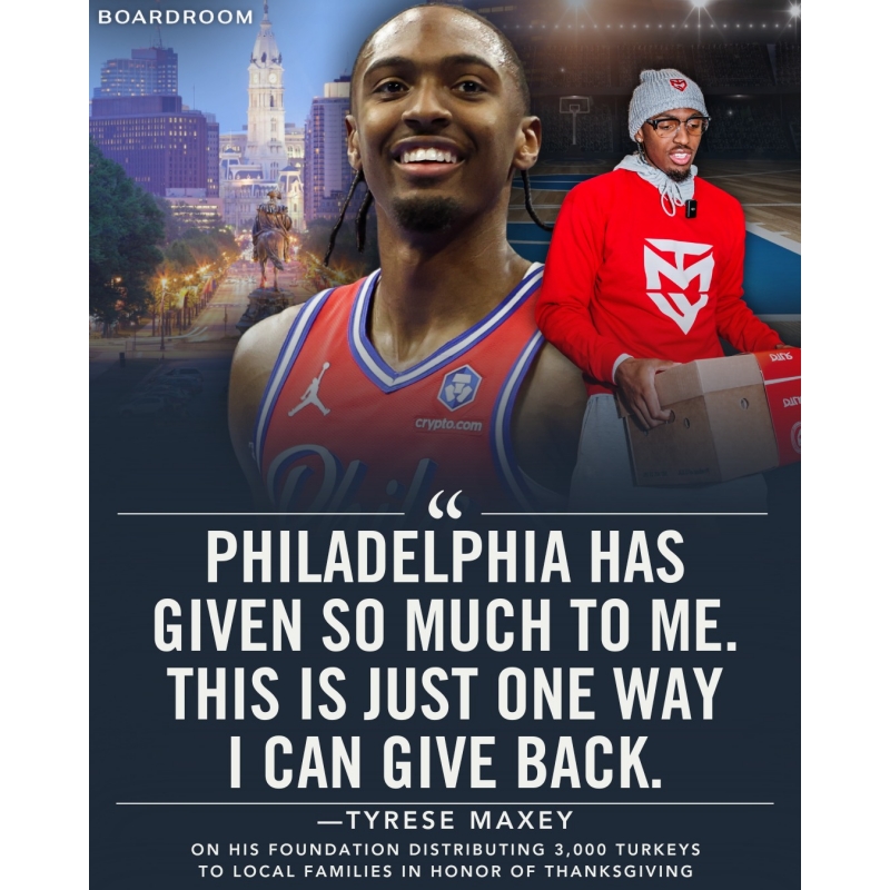 Tyrese Maxey and his Tyrese Maxey Foundation hosted their fourth annual Holiday Turkey Giveaway in Philadelphia, handing out 3,000 full Thanksgiving meals to local families. It’s the largest year yet for the event, up from 2,000 meals in 2024. Families lined up at the Alan Horwitz “Sixth Man” Center for turkeys, sides, fresh produce, and desserts. “These families deserve to have a full Thanksgiving meal and I am glad my Foundation and I can help,” said the Philadelphia 76ers Point Guard. Founded in 2021, the Tyrese Maxey Foundation focuses on developing the next generation of leaders through family, faith, and community-driven programs.
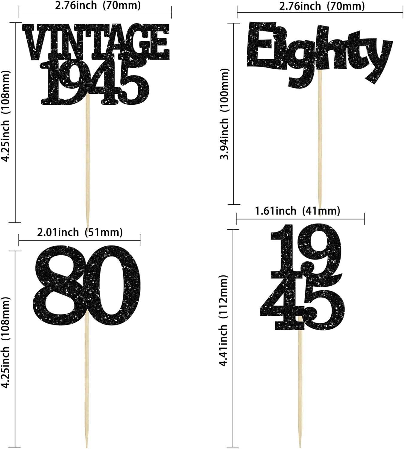 Gyufise 24Pcs Vintage 1945 Cupcake Toppers Glitter Cheers to 80 Fabulous Eighty Cupcake Picks 80th Birthday Wedding Anniversary Party Cake Decorations Supplies Black
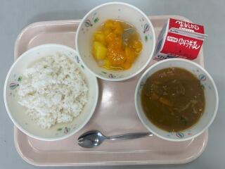 麦ごはん、夏野菜カレー、フルーツポンチ、牛乳
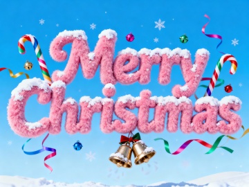 粉绒毛3D字体搭配雪景与糖果手杖,软萌卡通风营造喜庆甜蜜的圣诞氛围。
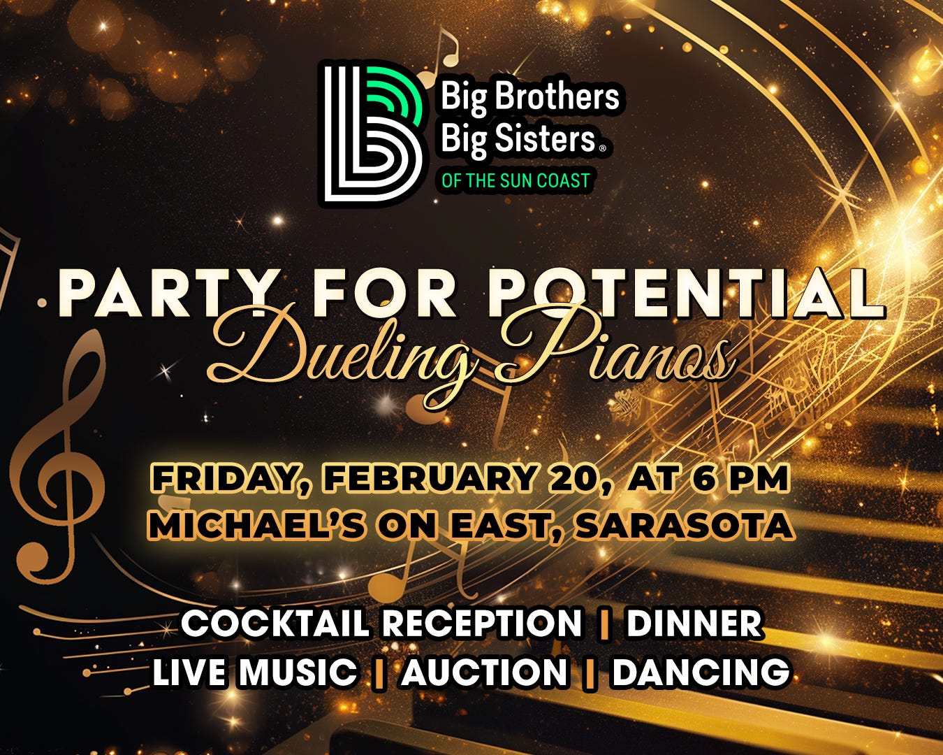 Big Brothers Big Sisters of the Sun Coast will host Party for Potential: Dueling Pianos on Friday, February 20 at Michael’s On East in Sarasota. The evening includes a cocktail reception, dinner, live music, auction and dancing to benefit youth mentoring programs serving the region.
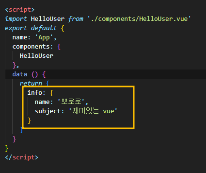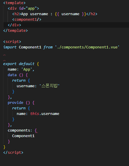 📌componet1을 자식 컴포넌트로 등록한 App.vue 📌componet1은 componet2를 componet2는 componet3을 자식 컴포넌트로 등록 → 마지막 자식 컴포넌트인 componet3에서 상위 부모컴포넌트인 App.vue의 prop을 받는 방법으로 , App.vue부터componet3.vue 까지 한 단계씩 prop을 전달하는 방법이 있지만, 이 방법은 번거로움으로 provide & inject 을 사용해서 prop을 보낸다. Provide & Inject 를 사용하여 prop 넘겨주기 ✔ provide : 데이터를 넘겨주는 쪽에서 사용(부모컴포넌트) ✔ inject : 데이터를 넘겨 받을 곳에서 사용(자식컴포넌트) 📌 App 컴포넌트에서 provide에 prop으로 보낼 변수명과 ..
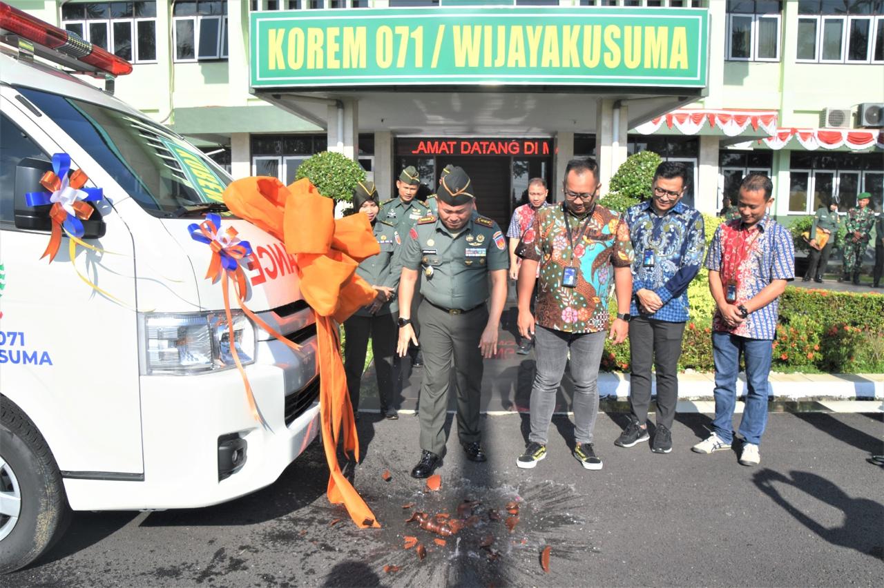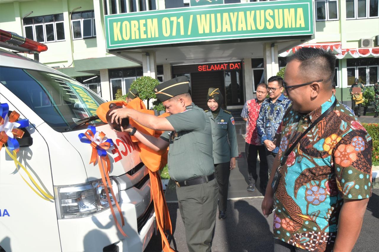 LINTASCAKRAWALANEWS.COM | BANYUMAS – Danrem 071/Wijayakusuma Kolonel Inf Jamaluddin, S.I.P., M.I.P, menerima Hibah satu unit Mobil Ambulance Hiace VIP dari BRI Cabang Purwokerto.

- _Problem_: Any picture found in the records stays out, while everything else is copied exactly.

- _Exercise answer_:
 Tyrese Maxey and his Tyrese Maxey Foundation hosted their fourth annual Holiday Turkey Giveaway in Philadelphia, handing out 3,000 full Thanksgiving meals to local families. It’s the largest year yet for the event, up from 2,000 meals in 2024. Families lined up at the Alan Horwitz “Sixth Man” Center for turkeys, sides, fresh produce, and desserts. “These families deserve to have a full Thanksgiving meal and I am glad my Foundation and I can help,” said the Philadelphia 76ers Point Guard. Founded in 2021, the Tyrese Maxey Foundation focuses on developing the next generation of leaders through family, faith, and community-driven programs.
 Gyufise 24Pcs Vintage 1945 Cupcake Toppers Glitter Cheers to 80 Fabulous Eighty Cupcake Picks 80th Birthday Wedding Anniversary Party Cake Decorations Supplies Black
 麦ごはん、夏野菜カレー、フルーツポンチ、牛乳
 粉绒毛3D字体搭配雪景与糖果手杖,软萌卡通风营造喜庆甜蜜的圣诞氛围。
 Big Brothers Big Sisters of the Sun Coast will host Party for Potential: Dueling Pianos on Friday, February 20 at Michael’s On East in Sarasota. The evening includes a cocktail reception, dinner, live music, auction and dancing to benefit youth mentoring programs serving the region.
 📌componet1을 자식 컴포넌트로 등록한 App.vue 📌componet1은 componet2를 componet2는 componet3을 자식 컴포넌트로 등록 → 마지막 자식 컴포넌트인 componet3에서 상위 부모컴포넌트인 App.vue의 prop을 받는 방법으로 , App.vue부터componet3.vue 까지 한 단계씩 prop을 전달하는 방법이 있지만, 이 방법은 번거로움으로 provide & inject 을 사용해서 prop을 보낸다. Provide & Inject 를 사용하여 prop 넘겨주기 ✔ provide : 데이터를 넘겨주는 쪽에서 사용(부모컴포넌트) ✔ inject : 데이터를 넘겨 받을 곳에서 사용(자식컴포넌트) 📌 App 컴포넌트에서 provide에 prop으로 보낼 변수명과 ..
 LINTASCAKRAWALANEWS.COM | BANYUMAS – Danrem 071/Wijayakusuma Kolonel Inf Jamaluddin, S.I.P., M.I.P, menerima Hibah satu unit Mobil Ambulance Hiace VIP dari BRI Cabang Purwokerto.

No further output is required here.